• Poles don't know how to save money
  • 01.11.2008

Poles do not save money because they don’t know how to. Perhaps recession will teach them, writes Newsweek. The following joke is a good illustration of the popular attitude to saving.

Weeklies reviewed by Krystyna Kolosowska.

Mom says to little Jasio: Son, we want to save money for a new car. Dad will quit smoking and I will not buy new clothes. What are you going to do? – Me? I will not go to school – Jasio replies. According to a recent survey, more than a half of Poles spend all the money they earn. Only seven percent save part of their salary each month. In 2007 only 38 percent of Poles had any savings at all. What is more, those who save, choose the less profitable forms of saving, like bank accounts. Why is this happening? The answer is simple: firstly - Poles are still in the process of building their wealth, secondly – they have not had time to learn how to save. The banking and capital system has been built for less than 20 years here. This is definitely too short period of time to educate the whole society. That is why a half of the people surveyed say they are guided by their intuition rather than expert knowledge when it comes to saving.
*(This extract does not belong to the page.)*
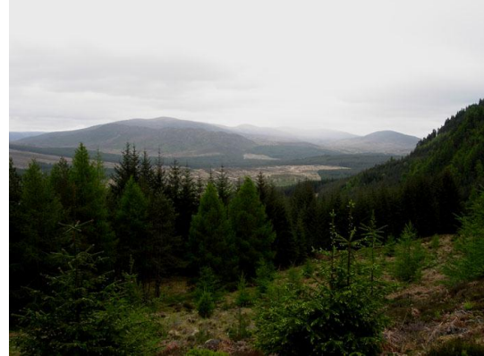
Woodland along the lower slopes, with the Ardverikie hills in the mist

Now, the global financial crisis has prompted many Poles to take unwise decisions, like moving their money from investment funds to bank accounts. More and more often people pay out money from their accounts and terminate their deposit contracts. Fortunately, most Poles still keep their money on bank accounts and they are right. There is no risk of any bank collapsing in Poland and deposits are guaranteed. On the other hand, the crisis can teach Poles a good lesson. Thanks to it they can learn about the risk of investing in various financial instruments and the importance of saving for the future, Newsweek writes.

Polityka comments on Poland’s plan to enter the euro zone on January 1, 2012. This will not be easy, what with the global financial crisis making an impact also on the Polish economy. The best time – the years 2005-2007 – was wasted by the then ruling Law and Justice. Today, we can envy the Slovaks that the several year long process of preparations is behind them – Slovakia adopts the euro on January 1 and despite the financial crisis in the world, it is not experiencing any major upheavals. Poland, the Czech Republic and Hungary can regret that they have not taken a similar road, says Polityka

Gazeta Polska is worried that Polish shipyards may land up in the hands of the Russians. It points out that the Gdansk shipyard is owned by the Ukrainian group ISD Donbas, which is intent on buying also the Gdynia Shipyard. Treasury minister Aleksander Grad has admitted that restructuring plans, which Poland presented to the European Commission, were prepared by prospective investors, that is Donbas and Norwegians, who want to buy the Szczecin Shipyard. Since July Donbas has been conducting talks about a merger with the Russian steel concern owned by Roman Abramowicz. Gazeta Polska asks if it makes sense at all to privatize Polish shipyards at the time of a global financial crisis and when other European countries are nationalizing enterprises of  key importance to their economy.

‘We are going to a masquerade ball in East Berlin’ – that’s how a Polish intelligence office Jan Pieterwas explained the look of his car to a West German customs official. Wprost writes that Pieterwas and another man, an intelligence major employed as a diplomat in the embassy of communist Poland in Bonn, were crossing into GDR in August 1982. The car boot was half open and protruding from it was a warhead of an anti-tank missile, painted in loud colors. Next to it lay all sorts of gadgets, masks and costumes – ostensibly meant for a masquerade ball. The customs official accepted this explanation. Such was the end of a major intelligence operation, thanks to which one of the most modern missiles at that time landed up in communist Poland. The weekly says, however, that the theft of military technology actually was not the main task of the intelligence service. Among its main achievements were: the composition of aspirin, the washing powder Ixi, construction of the Frania washing machine, the production technology for integrated circuits, bearings and whole car engines. The economy of communist Poland functioned chiefly thanks to technologies stolen from the West, Wprost says.

Przekroj laments the state of sex education at Polish schools. Though under the anti-abortion law, schools have to organize such lessons, in practice the classes are optional and are conducted on an on-and-off basis by poorly prepared teachers. What is more, they use archaic manuals promoting a conservative, Catholic point of view. It is hardly surprising, therefore, that every year 20 thousand babies are born to girls below 18. Leftist MPs have come up with an initiative of amending the law. They want to introduce obligatory sex education classes, conducted by highly qualified teachers. Przekroj expects, however, that the bill will be rejected, falling victim to ideological disputes in the parliament.